The action begins with actors arriving at a cabaña in El Chaltén, a small mountain village in Santa Cruz Province, Argentina that is supposedly the birthplace of the Tehuelche fire-god Setebos, creator of the region's people and wildlife. The actors gradually fall under the spell of the mountain. As the play progresses, each actor plays characters representing three states of being: contemporary Argentinian, Shakespearian, and Tehuelche human-animal. The lines between these states become blurred, until finally the characters metamorphose into avatars of the Setebos myth. Unlike in Shakespeare's play, the actors repeatedly invoke Setebos by name; for instance, the character Ínogen's touching “¡Setebos, me encomiendo a tu protección!” / “Setebos, I commend myself to your protection” before she goes to sleep. Near the end of the play, the story of the birth of Setebos and the Tehuelche people is presented by the spiritually reborn actors wearing animal masks.

=== In literature ===
====Ilium/Olympos====

An extraterrestrial creature called Setebos plays an important role in Dan Simmons' science-fiction novels Ilium and Olympos. The two novels, which comprise a series, also contain characters named Prospero, Ariel and Caliban who are clearly based on the eponymous characters in The Tempest, and there is little doubt that the author patterned his Setebos after the god mentioned in that play as well. Simmons's Setebos also calls to mind Browning's description in his Caliban upon Setebos in that Simmons describes Setebos as having myriad arms; however unlike Browning's Setebos, who is infertile, Simmons's character is highly fecund.

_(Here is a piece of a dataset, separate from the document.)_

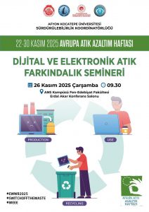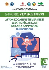 Afyon Kocatepe Üniversitesi Sürdürülebilirlik Koordinatörlüğü; 2025 Avrupa Atık Azaltım Haftası (EWWR 2025) kapsamında gerçekleştirdiği dijital atık toplama kampanyası, kapsamlı farkındalık semineri, atıkların sanata dönüştüğü ileri dönüşüm sergisi ve “Email Sil, Karbon Ayak İzini Azalt” mottosuyla yürütülen dijital temizlik seferberliği etkinlikleriyle kampüs genelinde bütüncül bir çevre hareketi başlattı.
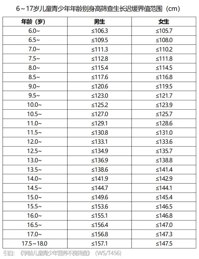 生長(zhǎng)遲緩定義為:由于膳食的蛋白質(zhì)或能量、維生素、礦物質(zhì)攝入不足等原因,導(dǎo)致身高低于篩查標(biāo)準(zhǔn)的年齡別身高界值范圍,屬長(zhǎng)期性營(yíng)養(yǎng)不良。

Simmons gives the following description of Setebos, as seen through the eyes of a human named Daeman. The creature sits over a crater at the center of a blue, ice-cold dome:

This raised crater looked very much like a nest and the impression was reinforced by the thing that filled itgray brain tissue, convoluted ridges, multiple pairs of eyes, mouths, and orifices opening and shutting in no unison, a score of huge hands beneath itthese hands occasionally rearranging the huge form's mass on its nest, settling it more comfortablyand he saw other hands, each larger than the room Daeman occuped at Ardis Hall, that had emerged from the brain on stalks and were pulling themselves and their trailing tentacles across the glowing floor.

Daeman counts several dozen eggs around Setebos. He steals one; it eventually hatches, into a miniature, and very malevolent, version of its parent.